- [Dataset extract]:
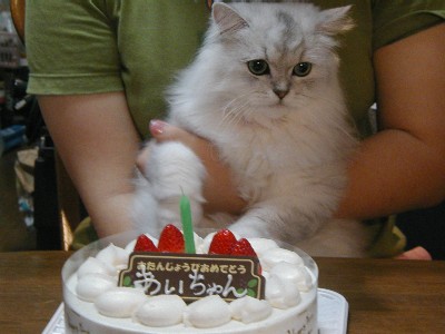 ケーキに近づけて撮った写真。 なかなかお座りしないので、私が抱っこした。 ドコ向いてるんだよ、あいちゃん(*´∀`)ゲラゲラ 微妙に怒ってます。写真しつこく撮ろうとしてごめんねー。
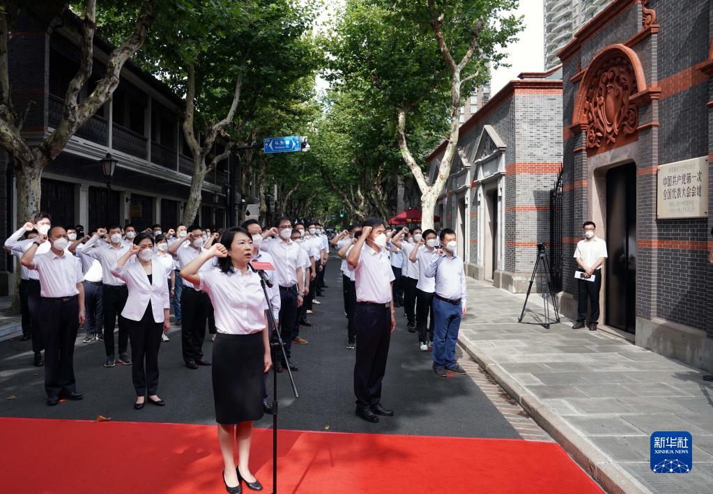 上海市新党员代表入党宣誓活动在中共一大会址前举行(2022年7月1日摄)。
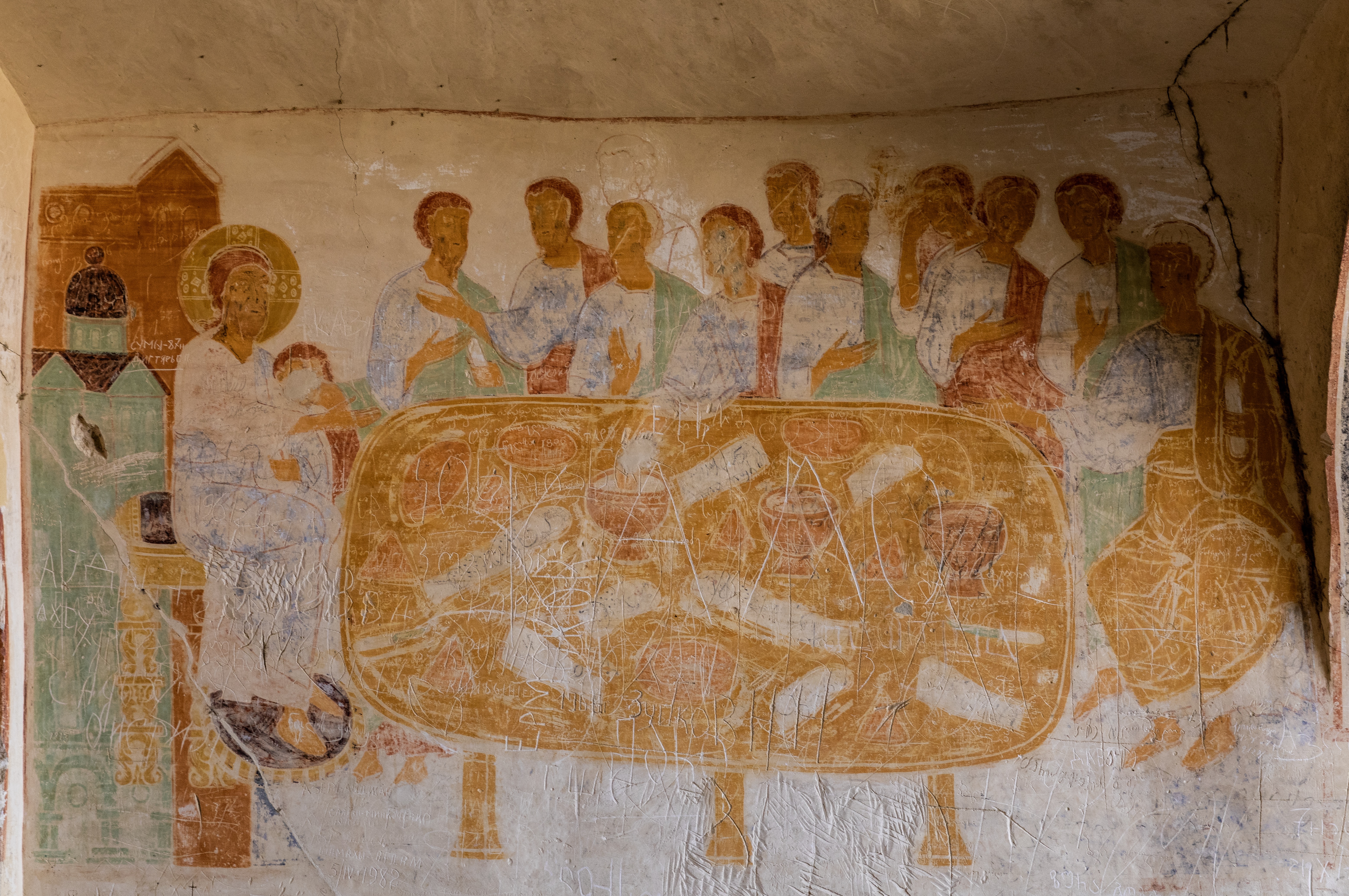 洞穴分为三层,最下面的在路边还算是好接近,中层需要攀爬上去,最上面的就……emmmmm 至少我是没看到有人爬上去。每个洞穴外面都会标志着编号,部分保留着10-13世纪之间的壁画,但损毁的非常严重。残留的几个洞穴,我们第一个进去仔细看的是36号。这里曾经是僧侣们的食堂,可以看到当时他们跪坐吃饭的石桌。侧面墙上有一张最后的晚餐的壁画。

- [Directions for this task]:
Leaving the pictures aside, write out only the lines from the one containing "上海市新党员代表入党宣誓活动在中共一大会址前举行(2022年7月1日摄)。" through the end of the material, exactly as they stand.

- [Exercise answer]:
 上海市新党员代表入党宣誓活动在中共一大会址前举行(2022年7月1日摄)。
 洞穴分为三层,最下面的在路边还算是好接近,中层需要攀爬上去,最上面的就……emmmmm 至少我是没看到有人爬上去。每个洞穴外面都会标志着编号,部分保留着10-13世纪之间的壁画,但损毁的非常严重。残留的几个洞穴,我们第一个进去仔细看的是36号。这里曾经是僧侣们的食堂,可以看到当时他们跪坐吃饭的石桌。侧面墙上有一张最后的晚餐的壁画。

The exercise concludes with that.